The room went still.

Inalegwu was hushed by the suddenly apparent stupidity of his request and Agnes stunned by the incredulity of it. In the quiet, she pondered his mental state. Like most of the numerous men who thrust phalluses into the gully between her legs daily, Agnes never bothered about Inalegwu’s history. Of course, they came to her to solve their problems, but it wasn’t in her terms of reference to research into their problems, which were actually theirs, not hers. Her clinic solves her own problems by attempting to solve theirs. The world is suffering from lots of bad sex, Agnes always enthused when discussing with her fellow commercial sex workers. For that reason, there must be sustainability; no one should afford risking the chicken that lays the golden egg.

“You sabi wetin you de talk so?” Agnes demanded.

“Yes…Yes, my dear! I love you.”

“I no tink so o.”

“I do. I love you more than…more than Ada.”

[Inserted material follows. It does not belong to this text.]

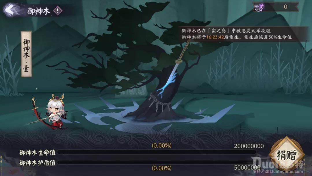 四棵御神木生命值与护盾值全服共享,捐献瘴气结晶优先恢复生命值生命满后恢复护盾值

“Me, I no know love o,” Agnes responded, shoving him off lightly. “Love na lizard game; na you go fall, na you go nod your head say you do correct tin; na you go cry when e come dabaru.”

“Why will you say such a thing, Agnes? I love you na. I swear.”

“I say you no sabi wetin you de talk. To give you service without rubber, we no de do am. E no dey our book.”

“Book! Forget the books. Who wrote the books? Are they not humans? After all, there is no one here with us. They can’t tell if we used condoms or not. At least, not this one time.”

“But dem go see when my belle start to swell up with pikin, abi? Or when I start to lean like thread because of dat disease. No be so?”

“Ah-ah! Agnes, why do you think of such?”

“Why I no go tink, you better pass people wey get am? Who know weda you get am?”

“God forbid! I reject it in Jesus’ name! Agnes, I love you o.” Inalegwu dipped his hand in his left pocket and brought out a wad of Naira notes. “I will give you all this. This is fifty thousand. If only you could give me a baby!”

Agnes paused. Her house rent flashed through her mind. Mr Soni, The Caretaker, got free sex two days ago because she didn’t have the seventy thousand Naira rent she paid per annum. Coming for weeks of free sex was his annual pattern under the pretext of diligently pursuing rent collection on behalf of the landlord, and he would take a whole day eating her food, snoring and having sex. This fifty thousand could save her all that embarrassing loss.

“You dey give me dat money?” Agnes asked, reaching out to touch the wad of money.

“Yes,” he responded. “That is my housing allowance which they pay us every year.”

She took the money and kissed him full in the mouth. “I dey come,” she said in the most sensual tone she could muster while drawing a finger down his chest.

Inalegwu watched her slide out of the room, his chest stuffed with rumpled excitement and anxiety.

An hour later, he was sprawled on her breasts snoring like The Caretaker, but unlike The Caretaker who always used the condom, Inalegwu didn’t. Agnes did, but she wouldn’t know how much protection she’d get in her first attempt at using a female condom. Hopefully, the fool snoring atop her now didn’t notice.